Hyde Park On Hudson Review

Hyde Park On Hudson
Spinster Daisy (Linney) arrives at the Roosevelt estate to provide company for distant cousin Franklin (Murray). An affair ensues, disrupted by the visit of King George VI (West).

by Angie Errigo |
Published on
Release Date:

01 Feb 2013

Running Time:

95 minutes

Certificate:

12A

Original Title:

Hyde Park On Hudson

Hopelessly miscast as Franklin Delano Roosevelt, 32nd President of the United States, and not even attempting his distinctive voice — this is like Ray Winstone playing Winston Churchill — Bill Murray’s disabled President doesn’t seem to be running a country he led out of the Great Depression and into World War II. Rather, he holds court at Hyde Park — his estate, not the stop on the Piccadilly line — with his more-than-a-secretary Missy (Elizabeth Marvel) and his feisty wife Eleanor (Olivia Williams), his penchant for the ladies known to all but unremarked by the media of the day. Into the noisy mixed company of patricians and social reformers creeps innocent, mousy Margaret ‘Daisy’ Suckley (Laura Linney), so naive that once she’s been groomed into giving FDR a handjob on one of their outings, she thinks it’s love.

This is mystifying, since nothing more closely resembling sex, let alone chemistry, ever occurs between them on screen, thank heavens. Nothing much, period, occurs, until, in what was a first American visit by any British monarch, the King and Queen of England descend for a few anxious days in 1939. Samuel West and Olivia Colman bring much-needed zest as Bertie and Elizabeth, he still stammering and she considerably more tetchy than Helena Bonham Carter’s supportive wifey in The King’s Speech.

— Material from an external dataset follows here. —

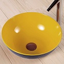Раковина накладная Melana. Круглая. Для установку на столешницу. Без отверстия под смеситель. Без перелива. Материал санкерамика. Цвет внутри желтый, снаружи синий.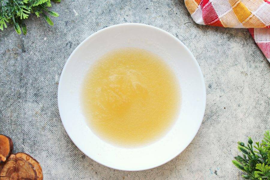 Мясо и курицу остудите в бульоне и достаньте. Бульон процедите через мелкое сито, овощи больше не понадобятся. Желатин замочите в 200 миллилитрах холодного бульона и оставьте до набухания. На это уйдет от 30-60 минут, в зависимости от его вида.

But there is a vast disconnect between drab Daisy’s visits and that

of the royals. Inspired by Daisy’s diaries and letters, Richard Nelson’s screenplay uses abundant voiceover from Linney for her point of view. But since she didn’t even dine with the royalty, and certainly wasn’t in their bedroom, she couldn’t possibly have known what was going on there. The only thing that one can suppose connects the A and B stories, and we’re straining here, is that both involve ‘special relationships’, the one between countries more fruitful than the personal one.

Disappointing given the talent and situation, dull as ditchwater and historically suspect, another The King’s Speech it definitely is not. Nice costumes, though.